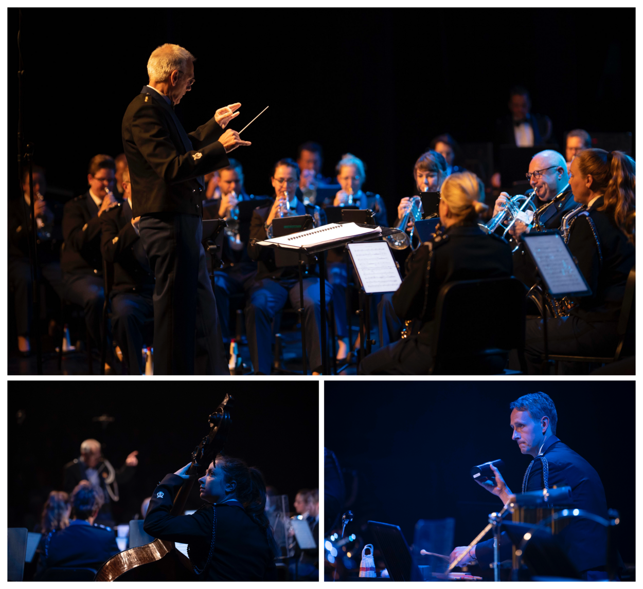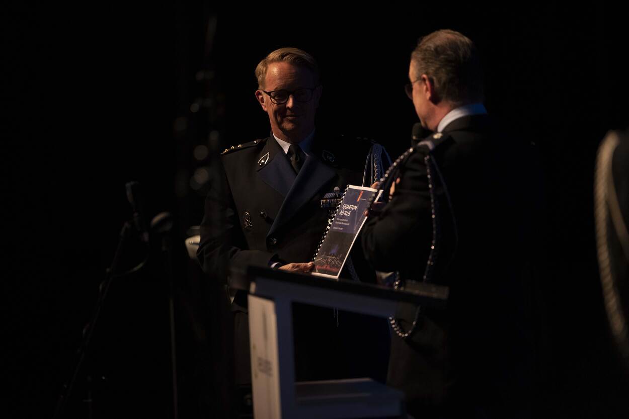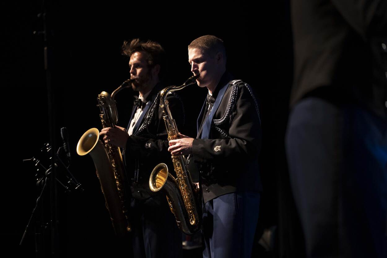 Bij de ontvangst buiten werden de bezoekers onthaald met muziek van het Historisch Tamboerkorps Koninklijke Marechaussee. Tijdens het welkom heten van de gasten, refereert commandant Leurink ook aan de recentelijk doorgevoerde reorganisatie van het orkest, die op 1 mei 2021 officieel is ingegaan. Twee derde van de muzikanten is omgeturnd van reservist naar militair met een vaste aanstelling. Tamboer-maître en bibliothecaris wachtmeester-1 Marc overhandigt de mars ‘Quantum Ad Illis’ - Latijn voor ‘Als het erop aankomt’ - aan commandant van de Marechaussee luitenant-generaal Hans Leijtens. De mars is gecomponeerd door componist Theo Jetten van het orkest als dank aan iedereen die een rol van betekenis heeft gehad bij de reorganisatie. Het orkest van de Marechaussee heeft een fanfarebezetting met 50 professioneel opgeleide muzikanten. Met de klok mee: dirigent kapitein Peter Kleine Schaars, slagwerker wachtmeester-1 Rutger, bassiste wachtmeester Bente. Het orkest bracht onder meer ‘Choral Intermezzo’ van componist Christiaan Janssen ten gehore en de compositie ‘Libertadores' van de Spaanse componist Oscar Navarro. Na de pauze volgde een lichte muziekshow met onder andere muziek van Abba, Doe Maar en Charles Aznavour. Saxofoonsolo van wachtmeesters-1 Daan en Maik bij het speciaal door de Engelse componist en saxofonist Andy Scott voor het Orkest KMar gecomponeerde nummer ‘Looking Back, Looking Forward’. Het orkest, waarvan de naam sinds 2019 gewijzigd is van Trompetterkorps der Koninklijke Marechaussee naar de meer toepasselijke naam Orkest Koninklijke Marechaussee, verzorgt onder meer de muzikale omlijsting bij militaire plechtigheden bij de Marechaussee, geeft Anjer-, relatie- en korpsconcerten en neemt deel aan taptoes. Zowel in Nederland als in het buitenland. Links: de trombonesectie, rechts: het stemmen van een pauk.
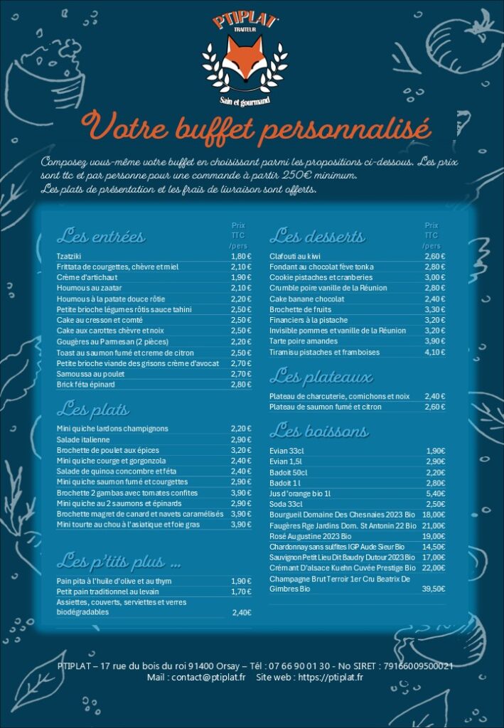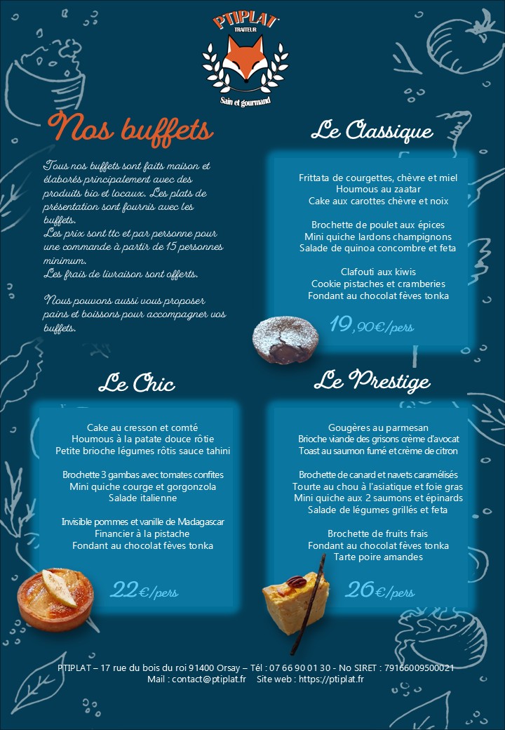 Choisissez l’un de nos buffets dans notre carte ci-dessous ou composez vous-même votre buffet personnalisé parmi toutes nos propositions !
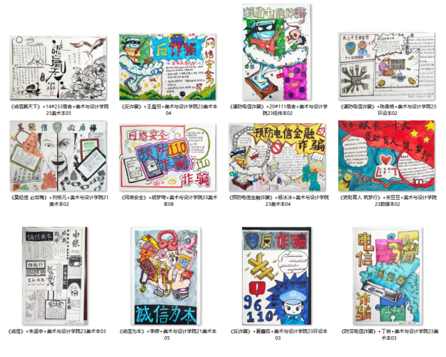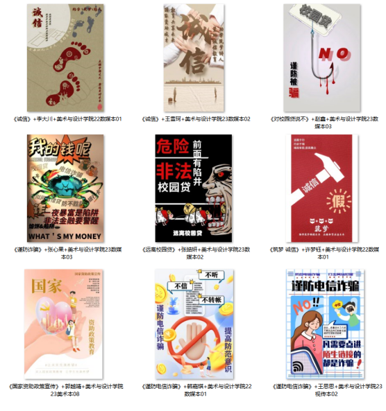 充分发挥第二课堂主阵地作用,加强文化宣传,学院开展诚信教育海报、手抄报制作评比活动。鼓励学生结合专业兴趣与特长,以诚信教育、资助政策宣传、预防电信金融诈骗和远离不良校园贷等为主题组织制作海报、手抄报,通过比赛,多渠道、多层次开展学生资助诚信教育,营造浓厚的宣传氛围。

- What is needed
What you return must match the material above exactly, minus its pictures.

- Exercise result
 Bij de ontvangst buiten werden de bezoekers onthaald met muziek van het Historisch Tamboerkorps Koninklijke Marechaussee. Tijdens het welkom heten van de gasten, refereert commandant Leurink ook aan de recentelijk doorgevoerde reorganisatie van het orkest, die op 1 mei 2021 officieel is ingegaan. Twee derde van de muzikanten is omgeturnd van reservist naar militair met een vaste aanstelling. Tamboer-maître en bibliothecaris wachtmeester-1 Marc overhandigt de mars ‘Quantum Ad Illis’ - Latijn voor ‘Als het erop aankomt’ - aan commandant van de Marechaussee luitenant-generaal Hans Leijtens. De mars is gecomponeerd door componist Theo Jetten van het orkest als dank aan iedereen die een rol van betekenis heeft gehad bij de reorganisatie. Het orkest van de Marechaussee heeft een fanfarebezetting met 50 professioneel opgeleide muzikanten. Met de klok mee: dirigent kapitein Peter Kleine Schaars, slagwerker wachtmeester-1 Rutger, bassiste wachtmeester Bente. Het orkest bracht onder meer ‘Choral Intermezzo’ van componist Christiaan Janssen ten gehore en de compositie ‘Libertadores' van de Spaanse componist Oscar Navarro. Na de pauze volgde een lichte muziekshow met onder andere muziek van Abba, Doe Maar en Charles Aznavour. Saxofoonsolo van wachtmeesters-1 Daan en Maik bij het speciaal door de Engelse componist en saxofonist Andy Scott voor het Orkest KMar gecomponeerde nummer ‘Looking Back, Looking Forward’. Het orkest, waarvan de naam sinds 2019 gewijzigd is van Trompetterkorps der Koninklijke Marechaussee naar de meer toepasselijke naam Orkest Koninklijke Marechaussee, verzorgt onder meer de muzikale omlijsting bij militaire plechtigheden bij de Marechaussee, geeft Anjer-, relatie- en korpsconcerten en neemt deel aan taptoes. Zowel in Nederland als in het buitenland. Links: de trombonesectie, rechts: het stemmen van een pauk.
 Choisissez l’un de nos buffets dans notre carte ci-dessous ou composez vous-même votre buffet personnalisé parmi toutes nos propositions !
 充分发挥第二课堂主阵地作用,加强文化宣传,学院开展诚信教育海报、手抄报制作评比活动。鼓励学生结合专业兴趣与特长,以诚信教育、资助政策宣传、预防电信金融诈骗和远离不良校园贷等为主题组织制作海报、手抄报,通过比赛,多渠道、多层次开展学生资助诚信教育,营造浓厚的宣传氛围。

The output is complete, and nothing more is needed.